Diese besondere Eigenschaft der Objekte findet ihre kraftvolle Entsprechung in der Dynamik, in die sie den Raum oder die Räume, in die sie eingreifen, versetzen. Die Objekte von Herta Seibt verändern sich je nach der Beschaffenheit der Architektur selbst in einem Prozess, der nicht im eigentlichen Sinne ein installativer ist, jedoch viele seiner Eigenschaften vereinigt. Im Jahr 2004 beispielsweise schrieben sich die „semillas“ von Herta Seibt kühn in die massige, mächtige Architektur des Museo de la Nación in Lima ein. Mit den kleinen Löchern in den monumentalen Betonmauern des Gebäudes, gingen die „líneas“ feine, wie haarförmige Resonanzen ein und ließen sie wie organische Ausströmungen der museumseigenen Struktur erscheinen. Die Arbeiten sprechen außerdem in Verbindung mit der „Performance“ von Tänzerin Mirella Carbone, die über den physischen Raum der Ausstellung hinausweist, unsere verschiedenen Sinne an; sie arbeitet oft mit der Künstlerin zusammen. Diese „Verwandlung“ der Skulptur in ein Objekt, das in unbedingter Beziehung zu den körperlichen Voraussetzungen von demjenigen steht, der mit ihnen interagiert, wird auf wunderbare Weise in einem der Videos betont, das die gegenwärtige Ausstellung begleitet: als eine abstrakte zweidimensionale Zeichnung und als wandelbares Objekt anverwandelt sich das „móvil“ zum menschlichen Körper und spektakulären Material, das den Gemütszuständen einer Person eignet. Schließlich, wenn wir uns das andere Video dieser Ausstellung vor Augen führen – in dem das eigentliche Objekt für Momente seinen selbständigen Wert zu verlieren scheint – , vermögen wir daraus abzuleiten, dass sich das Objekt ausgelöscht und sich auf eine Weise wie wirkliche lebende Organismen in eine kinetisch unabhängige Form verwandelt hat.

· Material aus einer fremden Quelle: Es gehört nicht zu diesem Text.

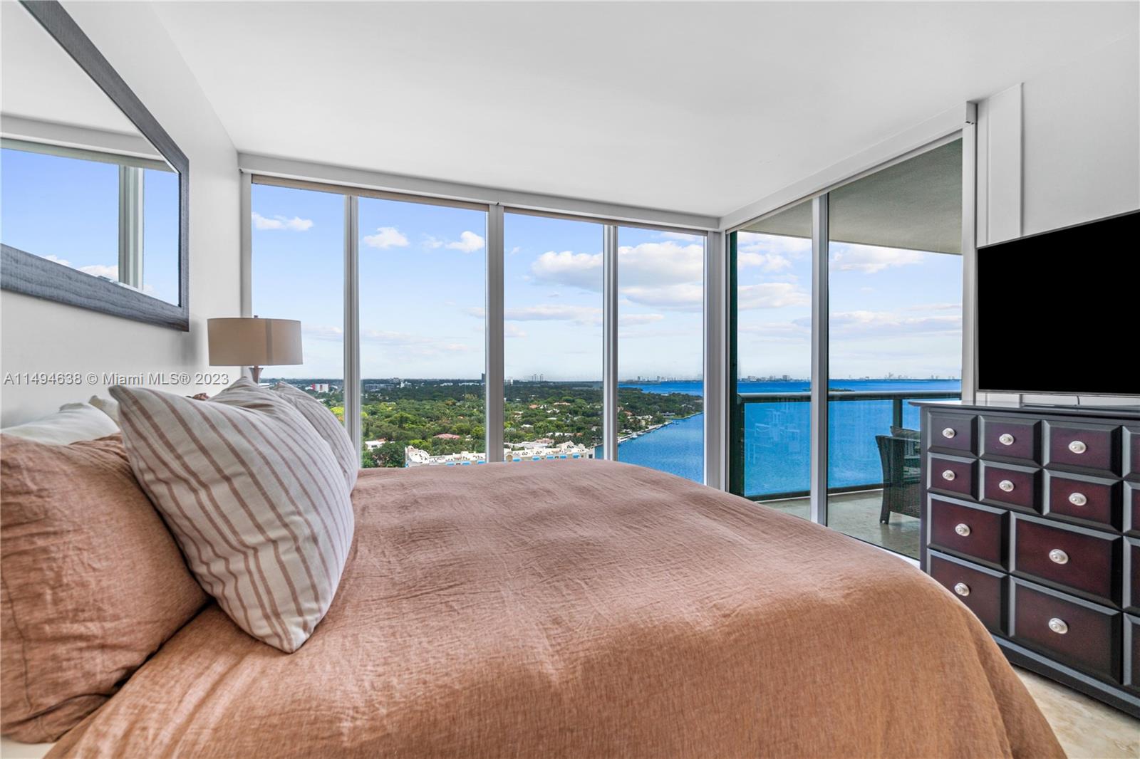 This two-bedroom, two-and-a-half-bathroom residence boasts panoramic water views from every vantage point within the apartment. Beyond its exquisite design, the unit offers a spacious interior complemented by an exceptional layout. Enhancing privacy, each floor of this building accommodates only three units per elevator. The property includes additional storage space, along with two designated parking spots and the option for a third through valet parking.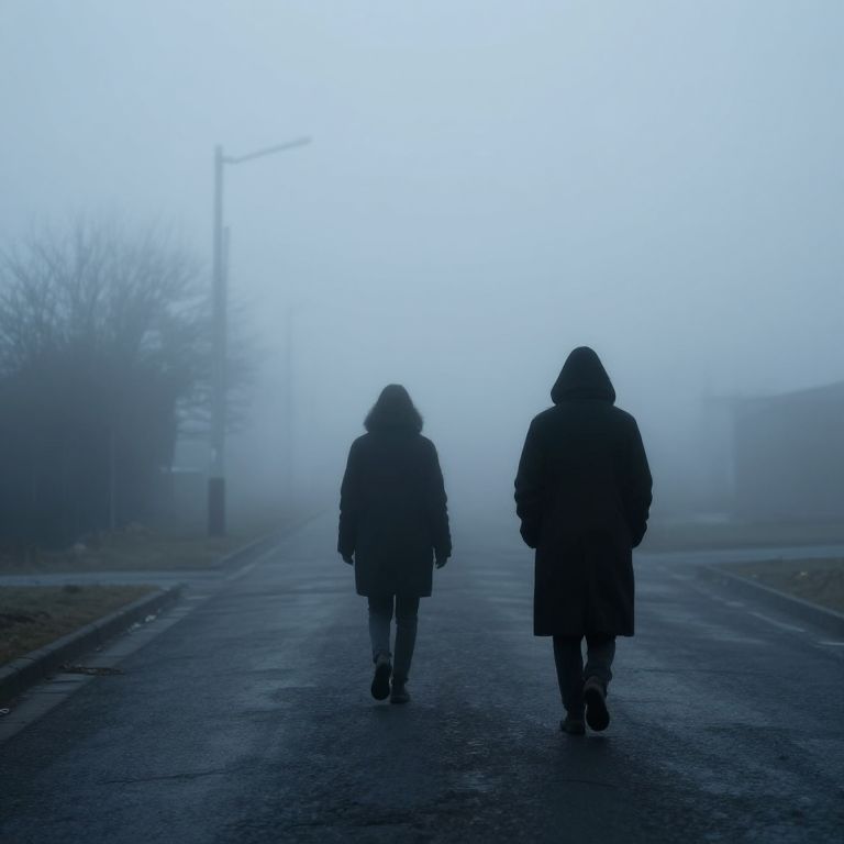 In the hushed embrace of fog, two solitary figures traverse a desolate street, their forms cloaked in shadow, evoking a profound sense of isolation and the quiet weight of existential solitude.

Die besonders weiträumige Halle des E-Werks bietet Herta Seibt die Gelegenheit, eine ihrer radikalsten Lösungen im Raum zu realisieren, indem sie ihn vollständig auf seine Tragfähigkeit und die Ausstrahlungskraft ihrer Skulpturen hin abstimmt und neu konfiguriert. Der Grad an Souveränität im Werk von Herta Seibt könnte also nicht höher sein, auch wenn „Verwandlungen“ wie der Titel selbst sagt, die Betonung auf den Prozess und nicht so sehr auf die eigentlichen Objekte legt. Wir stehen also vor einem im Werden begriffenen künstlerischen Vorschlag, der so wandlungsfähig und fließend ist wie die Wandlungsfähigkeit und die Flexibilität unserer eigenen Vitalität selbst. So als ob das Kunstwerk eine lebendige Ausdehnung unserer selbst wäre.